Pomona Med. Diagnostic v MVAIC, 2011 NY Slip Op 50042(U)(App. Term 1st Dept. 2011)
This was just a stupid case to appeal. If an adversary can rip your papers apart like what was done in this case, then why the heck are you appealing it? That being said, the Second Department would probably have reached a contrary result.

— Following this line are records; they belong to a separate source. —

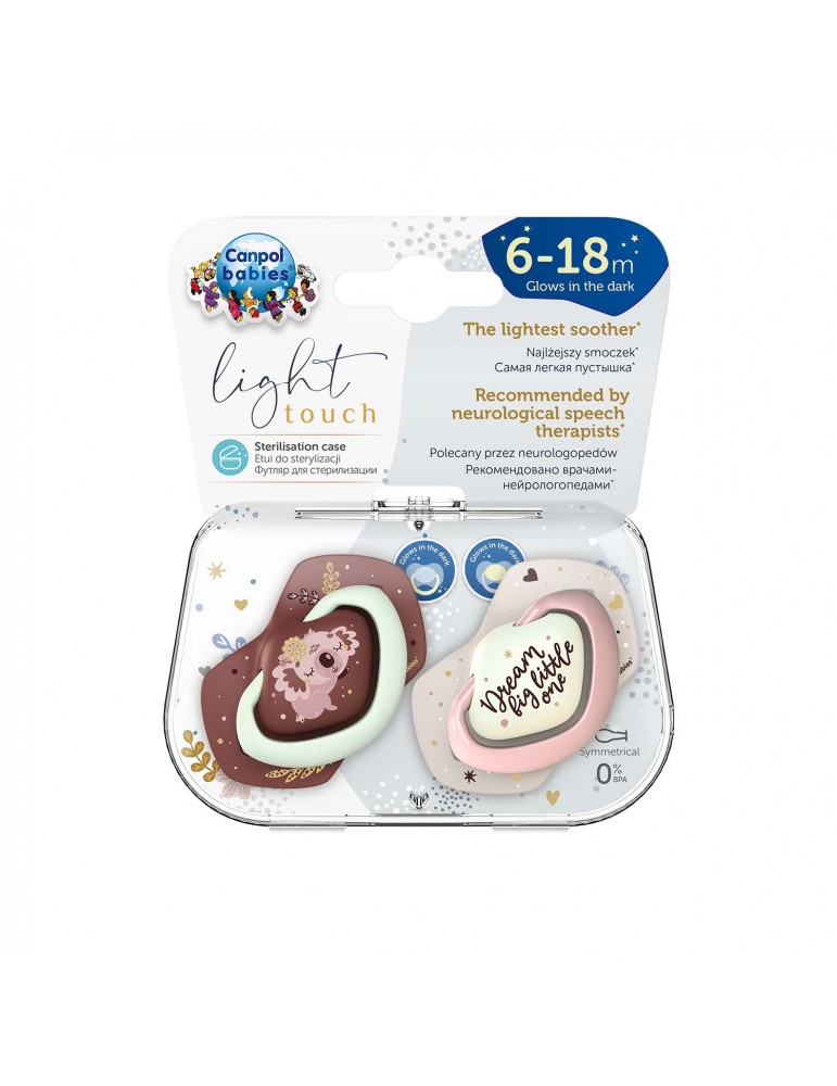 Rekomendowany przez specjalistów jako pierwszy smoczek Twojego Maluszka.* Smoczki Light touch stworzono by zapewnić maksymalny komfort najmłodszym dzieciom. Ich wyjątkowo miękka silikonowa gumka wymaga mniej wysiłku podczas ssania, a lekka, profilowana tarczka nie obciąża zgryzu i gwarantuje swobodne oddychanie, co według specjalistów ma istotny wpływ na prawidłowy rozwój jamy ustnej dziecka.** Wygodny uchwyt smoczka pozwala na przymocowanie łańcuszka i ułatwia podanie go dziecku. Świecące w ciemności elementy - tarczka lub uchwyt, ułatwiają odnalezienie smoczka nocą. Smoczki Light touch z łatwością utrzymasz w czystości, dzięki nowoczesnemu etui, które może służyć do przechowywania, ale też do szybkiej i wygodnej dezynfekcji w kuchence mikrofalowej. Wystarczy odrobina wody i 2 minuty by zapewnić smoczkom higieniczną czystość. Smoczki Light touch dostępne są w kilku wyjątkowych, inspirowanych najnowszymi trendami kolekcjach i różnych rozmiarach – rosną razem z Twoim Maluszkiem.
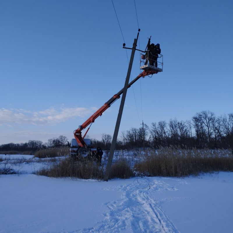 ремонт линии электропередач, питающей с. Богдановка.
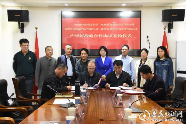 刘燕代表双峰县委政府感谢中南林科大与双峰县长期以来良好的校企合作,她说,青树坪米粉是青树坪镇传统特色小吃,吃起来有韧劲,辣得有味道,代表娄底连续两届参加了湖南米粉擂台赛,线上线下销售日趋火爆。衷心希望本次产学研战略合作各方发挥好各自优势,实现产学研长期稳定发展,打造青树坪米粉知名品牌和产业体系,助推青树坪米粉产业高质量创新发展。(赵九峰 禹波)
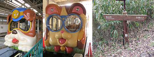 ケーブルカー「ブル」(左)と「ミケ」(中) 山頂へは徒歩でも行ける(右)

“Defendant’s motion for summary judgment dismissing the complaint was properly denied, albeit for reasons other than those stated by Civil Court. In support of its contention that plaintiff’s assignor was not a “qualified” person entitled to payment of first-party no-fault benefits by defendant (see Insurance Law § 5221[b]), defendant relied on inadmissible hearsay — an uncertified computer printout of an “insurance activity expansion” (see Progressive Classic Ins. Co. v Kitchen, 46 AD3d 333 [2007]). In any event, the expansion does not establish that there was a policy of insurance in effect at the time of the accident (see generally id.; cf. Matter of Commercial Union Ins. Co. (Kim), 268 AD2d 296 [2000], lv denied 95 NY2d 762 [2000]). Defendant’s submissions are also insufficient to establish as a matter of law that plaintiff’s assignor did not comply with the notice of claim requirements (see Insurance Law § 5208).”